森田季節:不動カリンは一切動ぜず

不動カリンは一切動ぜず (ハヤカワ文庫JA)

不動カリンは一切動ぜず (ハヤカワ文庫JA)

性行為が死をもたらす病が流行し生殖が人工授精で行われるようになった未来、内気な少女不動火輪は同級生の兎譚とともに、学校の課題で未解決事件を調べるというレポートに着手する。その直後から、火輪と兎譚の周囲には不穏な事件が相次ぎ、無欲会という謎の宗教団体や「強制善人」を自称する謎めいたジャーナリストなども出現、なんだかとんでもない事態に発展するおはなし。本書は昨年読んだ小説の中でもベストに入る一冊でした。


とにかく設定がはちゃめちゃです。性交渉を行うと致死的な症状をきたす病が蔓延したため、異性間での性交渉はタブーとなり、その代わり人工授精による試験管ベイビーでの子作りが定着、それによって夫婦・親子関係が劇的に変化した時代が舞台であったり、「思念」と呼ばれる情報の固まりを「媒介点」と呼ばれる無数の人工衛星のようなものを介してやりとりすることが普通であったりと、舞台のしつらえは極めてSF的なのですが、それだけではない、というかむしろそれ以外の世界の作り込みが異様で面白いのです。


例えば、主人公である火綸は不動院というお寺(みたいなもの?)に暮らす一家で、その構成は母が二人に父が一人であったり、そのためなにかあると火綸は不動明王に一心に祈りを捧げたり、さまざまな宗教団体の思惑が入り乱れたり、そのなかで火綸や兎譚たちは神戸市垂水区を一生懸命駆け回ります。しかも、起こる出来事は嵐山での不審な交通事故であったり、その調査途中での不審な殺人事件であったりと、ある種ミステリ的な展開を物語は遂げてゆく。


ところが、本書の主題とするところは、おそらく「愛とはなにか」ということにあります。それも、火綸と兎譚という二人の中での愛なのです。これがなかなか深みを見せるのは、「愛」の本質から性愛が取り除かれた時に残るものはなにかという、ある意味ありえないのだけれども「宗教的」な考察をせざるを得ないところで、ここにおいて著者後書きに曰く「神様を使った小説を書いてみた」とのことばが理解できたように思えました。
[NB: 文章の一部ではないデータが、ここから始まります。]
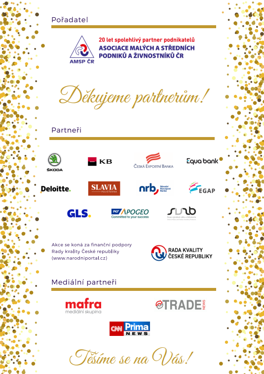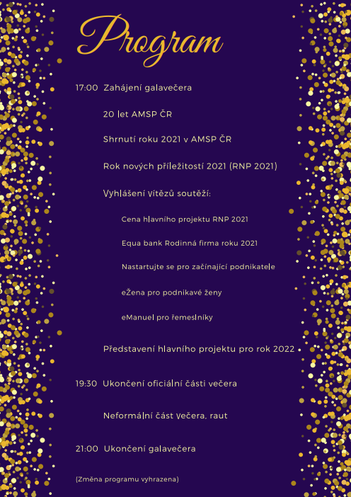 Letos chceme dát větší prostor firmám, které budou v průběhu galavečera oceněny v několika soutěžích. Program galavečera se ponese i v duchu 20. výročí asociace jako spolehlivého partnera podnikatelů. I letos očekáváme mnoho významných hostů z řad podnikatelů, zástupců vládní a politické sféry i společenského života.
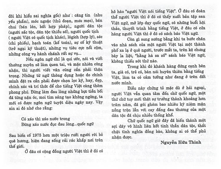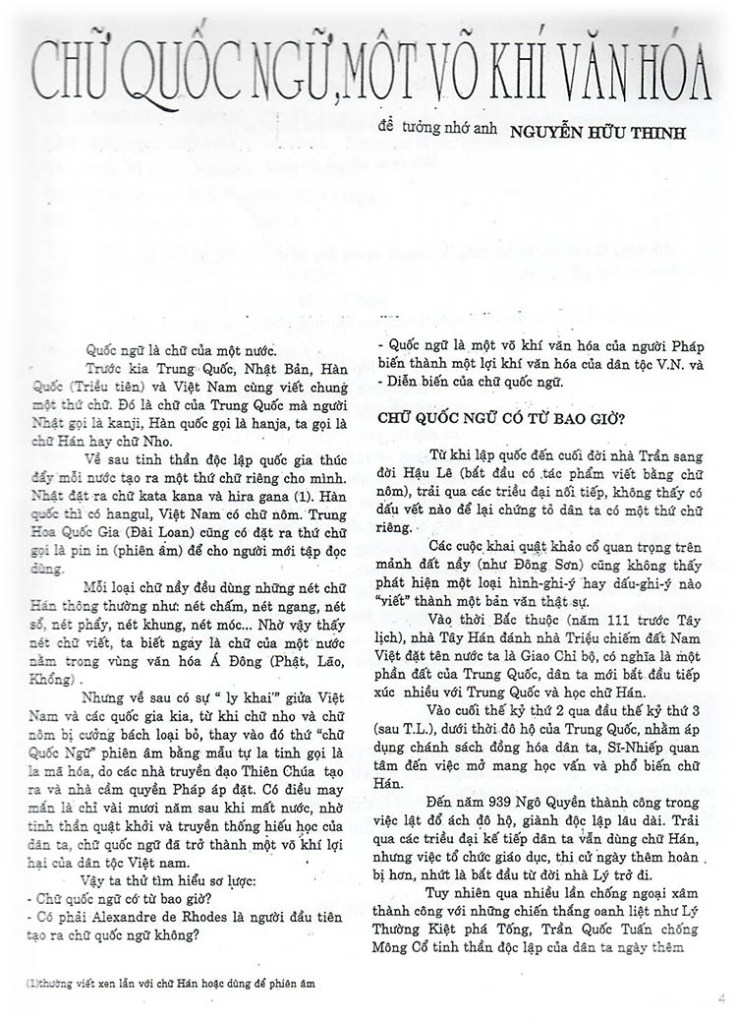 Chữ quốc ngữ, một võ khí văn hóa Nguyễn Hữu Thinh (Nguồn: Nội san số 51 – Hè 2007, Hội Ái hữu Trung học Petrus Trương Vĩnh Ký tại Pháp) Share this: Click to share on X (Opens in new window) X Click to share on Facebook (Opens in new window) Facebook Like Loading...
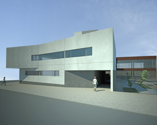 Posicionar el edificio de manera que se posibilite no solo su ampliación, sino también la segregación de la parcela sobrante una vez consumida la edificabilidad necesaria, sólo es posible renunciando a una parte de la fachada del solar. De las dos posibilidades de segregación, una en la fachada sur asomando al parque y otra en la fachada este dando a calle, se opta por esta última.
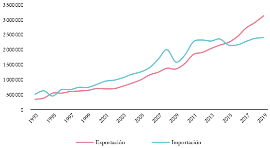 La entrada en vigor del TLCAN significó un rápido dinamismo comercial. Mientras que en 1994 las exportaciones mexicanas representaban 15% del producto interno bruto (PIB), para 2019 ya alcanzaban 35%. Asimismo, los Estados Unidos se posicionaron como el principal socio comercial de México, ya que 80% de las exportaciones nacionales se canalizó hacia ese país durante el mismo año.5 En cuanto a su composición, para 2020, 82% de las exportaciones correspondió a la industria manufacturera, particularmente en las ramas de: a) fabricación de equipos de computación, comunicación y medición; b) fabricación de accesorios, aparatos eléctricos y equipos de generación de energía eléctrica, y c) fabricación de equipos de transporte, como el ensamblaje de automóviles y camiones.
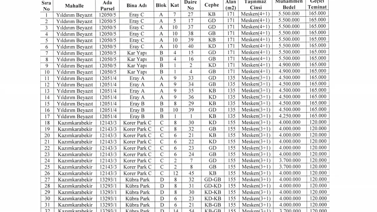 Kayseri’nin Yıldırım Beyazıt ve Kazım Karabekir mahallelerinde 32 taşınmaz satışa çıkıyor. Mülkiyeti Melikgazi Belediyesi’ne ait olan taşınmazlar 4+1 ve 3+1 mesken cinsinde satışa çıkıyor. Belediye alıcılara toplam bedelin en az yüzde 25’ini peşin ödemek şartı ile 36 aya kadar vade farksız taksit imkanı sunarken, peşin ödemelerde yüzde 10 indirim uyguluyor.
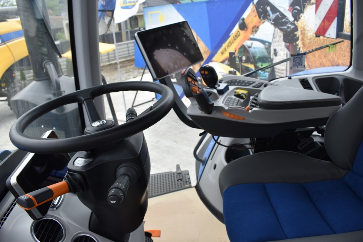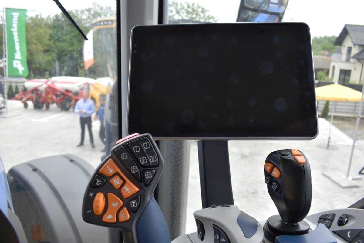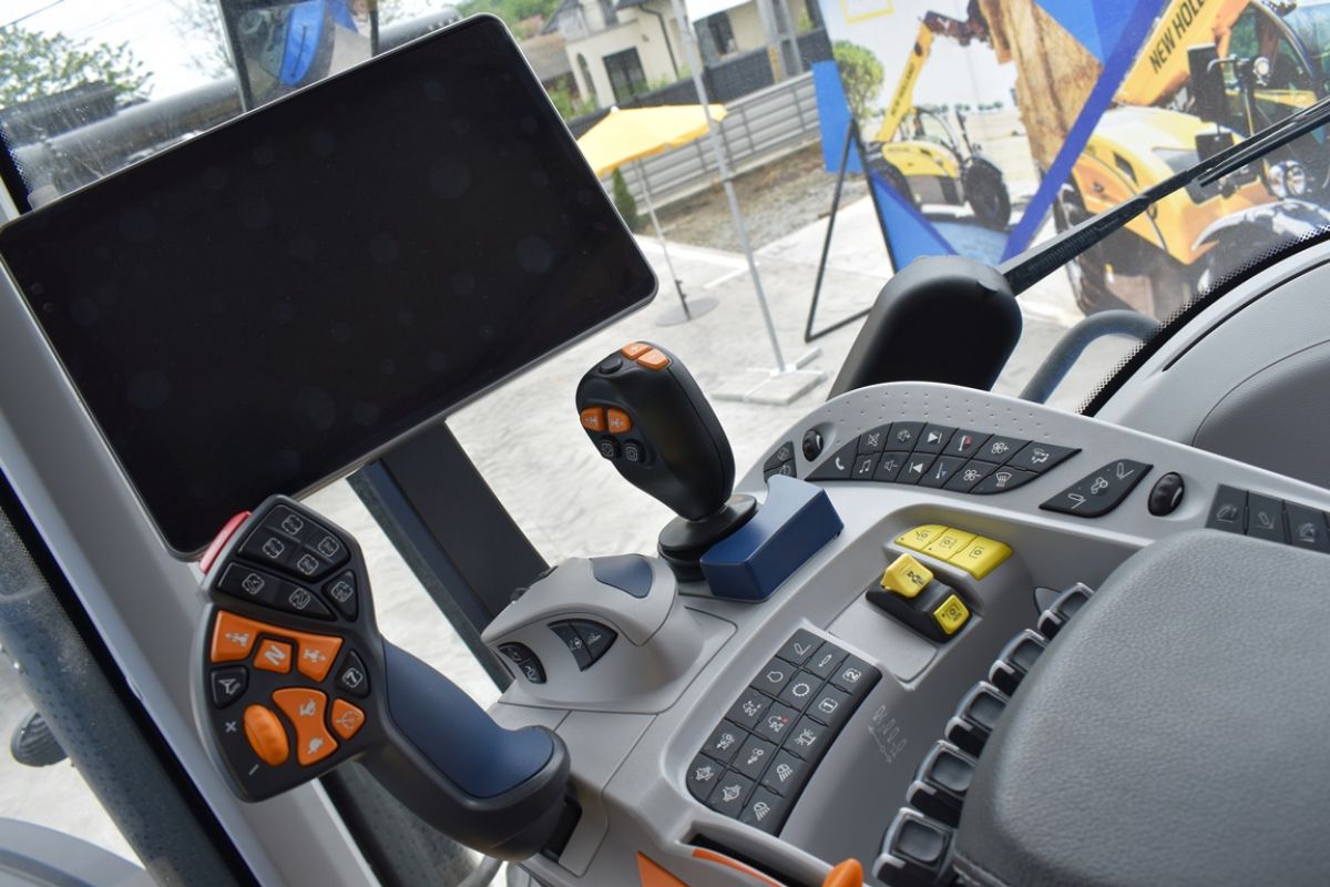 Este un tractor cât se poate de inteligent, dotat cu două tablete de pe care se pot controla mașinăria ca atare, dar și utilajele agricole adiacente.
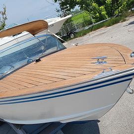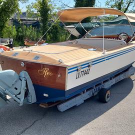 Legnami: pozzetto in mogano, coperta in teak, carena in compensato marino.
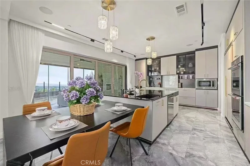 Presenting an extraordinary opportunity to own a breathtaking architectural masterpiece that redefines modern luxury. This newly constructed residence combines exceptional design with unparalleled craftsmanship, offering sweeping panoramic views that elevate the living experience. Nestled within the highly sought-after and secure gated community of Portola Hills, this home promises both privacy and exclusivity. Upon entering, you are welcomed by a grand, hotel-inspired central foyer adorned with upgraded marble flooring and custom exhibition cabinetry, all complemented by soaring double-height ceilings. The home’s thoughtful design includes a versatile downstairs bedroom and adjacent bathroom, ideal for guests or as a private home office.The chef’s kitchen is a culinary enthusiast’s dream, featuring premium cabinetry, stunning granite countertops, a spacious walk-in pantry, and a large center island. A second, fully-equipped kitchen further enhances the home’s entertaining potential, ensuring a seamless cooking experience for family and guests.Ascending the grand curved staircase, you are greeted by the opulent primary suite, which offers unrivaled views of the surrounding mountains and sunsets. The private balcony overlooks the enchanting City Lights Canyon and park vistas, providing the perfect setting for relaxation. The indulgent primary bath features a luxurious walk-in shower, a soaking tub, dual vanities, and two expansive walk-in closets, offering a spa-like retreat within the comfort of your own home. The California Room, an upgraded extension of the living space, serves as a light-filled sanctuary. With a cozy fireplace and four-panel sliding doors that open to the outdoors, this versatile room invites relaxation or elegant entertaining. The expansive backyard offers endless possibilities for outdoor living, with ample space for a custom garden, outdoor seating, dining areas, or the addition of a pool and spa. Additional features include no Mello Roos, a low tax rate, and a low HOA, making this home an exceptional value. Located near top-rated public schools, this community provides resort-style amenities, including a pool, spa, BBQ area, dog park, clubhouse, playground, hiking trails, and a party pavilion. With shopping, dining, and entertainment options just minutes away, this home offers the perfect balance of luxury, convenience, and tranquility.
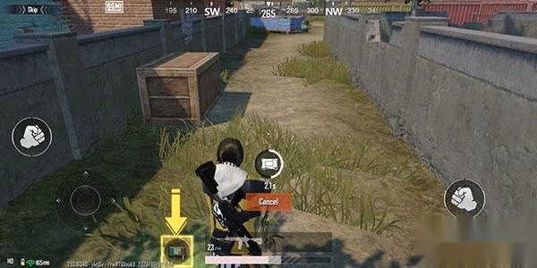 1、跳伞降落到地面后,通过拖动屏幕左下角的虚拟轮盘,就能操控角色进行移动。
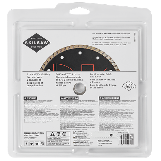 Make fast, clean cuts on tough concrete, brick and blocks. A segmented diamond-reinforced edge with heavy duty metal construction provides durability. Can be used for dry and wet cutting. Pairs with the SKIL 7 IN. Concrete Worm Drive Saw and other concrete cutting tools.
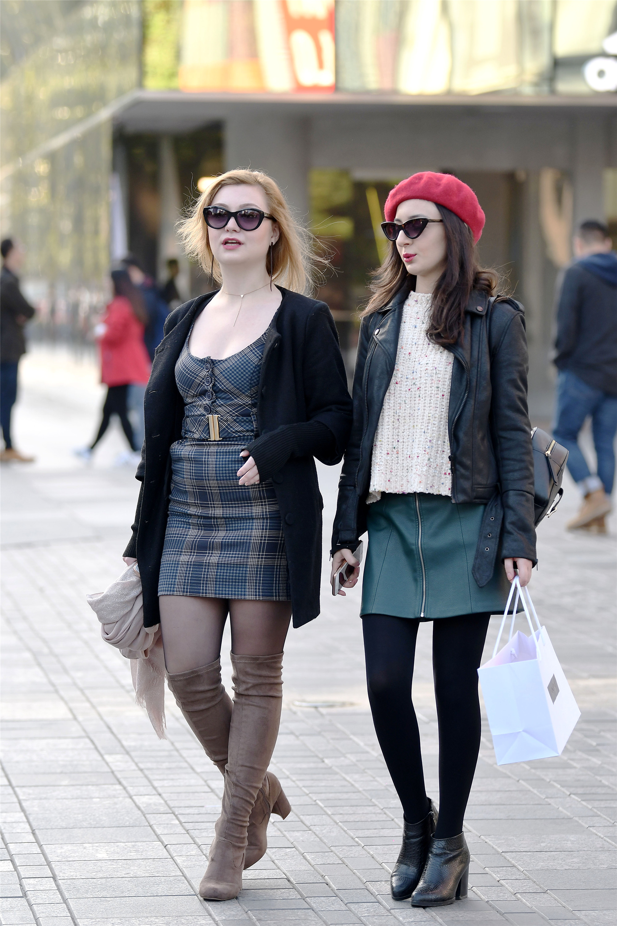 没有丑女人,只有懒女人,如果你经常出入时尚街区,你会发现,这句话是对的,人家健身,学习搭配,饮食上也很注意的时候,你在做什么呢?这一对姐妹,黑丝袜和灰色高筒靴搭配,格子修身连衣裙,效果很不错,外面一件黑色呢子大衣。

といいつつも、著者の言う「神様」とは、火綸が信仰する不動明王であったり、本書のいたるところにちりばめられた信仰スポットであったり、よくわからない方法で人々を導く「国家」であったりするのかとも思います。しかし、これはやっぱり「愛」にまつわる物語なのではないかなあ。思うに、著者はこの物語を細部まで構築した上で書き始めたのでは無いように思えます。それはある種のプロットはあったのでしょうが、書き進める中で物語や登場人物が勢いよく走り出し、どんどんと世界が広がっていったのではないか、そんな気にさせる勢いの良さが、本書にはあふれています。


また著者の語り口も素敵で、全体的に諧謔を感じさせるノリの良い文章なのですが、突然差し挟まれる「悟り」を開いた人間のエピソードはまるで怪しい健康器具の体験談調であったり、さりげなく、なおかつ執拗に「ハルキ教」なる宗教が言及されたりと、とにかく楽しくてたまらない。作者後書きに「若干カバーイラストと内容が異なる気がする」とまでかかれた挿画も、勢いよく裏表紙にまではみだしていたり、とにかく素敵としか言いようのない一冊でした。